Hello,
For my serverless app, I use a custom authorizer which will get the auth token from the cognito user pool. In my custom authorizer lambda function, i return the custom IAM policy based on the cognito user pool group data. So the output of my customAuthorizer is basically an IAM policy like below
const policy = {};
policy.principalId = this.principalId;
const doc = {};
doc.Version = this.version;
doc.Statement = [];
doc.Statement = doc.Statement.concat(getStatementsForEffect.call(this, 'Allow', this.allowMethods));
doc.Statement = doc.Statement.concat(getStatementsForEffect.call(this, 'Deny', this.denyMethods));
policy.policyDocument = doc;
policy.context = {
username: this.payload['cognito:username'],
isAdmin: this.payload.isAdmin
};
return policy;
Everything works great related to authentication & authorization, but when i tried to access the additional “context” variables (username, isAdmin) from my backend lambda function, those variables are not available. I checked both “event” and “context” arguments from my backend lambda function, but they doesnt have these “context” variables.
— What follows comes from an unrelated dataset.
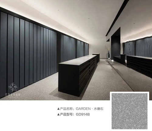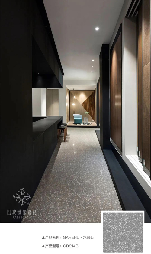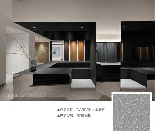 在極簡的黑色魅影中,如璀璨星河的水磨石,給人無窮無盡的想象力,形成對比,自由變化、隨性自在,時尚的氣息流轉,水磨石斑駁陸離的紋理,點綴著完美的視覺空間。

When i inspect the “event” from my backend lambda function, i see something like below
{ body: {},
method: 'GET',
principalId: '34ae00df-4f19-48a4-b137-8ee3b41c0303',
stage: 'dev',
cognitoPoolClaims: { sub: '' },
headers:
{ Accept: '*/*',
'Accept-Encoding': 'gzip, deflate, sdch, br',
'Accept-Language': 'en-US,en;q=0.8',
Authorization: '<MY_AUTH_TOKEN>',
'CloudFront-Forwarded-Proto': 'https',
'CloudFront-Is-Desktop-Viewer': 'true',
'CloudFront-Is-Mobile-Viewer': 'false',
'CloudFront-Is-SmartTV-Viewer': 'false',
'CloudFront-Is-Tablet-Viewer': 'false',
'CloudFront-Viewer-Country': 'US',
'content-type': 'application/json',
Host: 'myapp.execute-api.us-east-1.amazonaws.com',
origin: 'http://localhost:3000',
Referer: 'http://localhost:3000/todos/37bfd6a0-2240-11e7-bac9-e37e910630c1',
'User-Agent': 'Mozilla/5.0 (Macintosh; Intel Mac OS X 10_12_3) AppleWebKit/537.36 (KHTML, like Gecko) Chrome/57.0.2987.133 Safari/537.36',
Via: '2.0 1267c3svv42d489e3cv11.cloudfront.net (CloudFront)',
'X-Amz-Cf-Id': 'bdkshbgoqihnmasdnbSHad-JHDJFFJDjhdfdajfad==',
'X-Amzn-Trace-Id': 'Root=1-78e42hds-254878njsdf9842572',
'X-Forwarded-For': '<SOME_IP>',
'X-Forwarded-Port': '443',
'X-Forwarded-Proto': 'https' },
query: {},
path: { id: '37bfd6a0-2240-11e7-bac9-e37e910630c1' },
identity:
{ cognitoIdentityPoolId: '',
accountId: '',
cognitoIdentityId: '',
caller: '',
apiKey: '',
sourceIp: '<SOURCE_IP>',
accessKey: '',
cognitoAuthenticationType: '',
cognitoAuthenticationProvider: '',
userArn: '',
userAgent: 'Mozilla/5.0 (Macintosh; Intel Mac OS X 10_12_3) AppleWebKit/537.36 (KHTML, like Gecko) Chrome/57.0.2987.133 Safari/537.36',
user: '' },
stageVariables: {} }
I have the below function settings in my serverless.yml file.
functions:
customAuthorize:
handler: todos/authorizer.Custom
get:
handler: todos/get.get
events:
- http:
path: todos/{id}
method: get
cors: true
integration: lambda
authorizer: customAuthorize
So my question is how to access these context entries (username, isAdmin) inside my backend lambda function after a successful authorization process?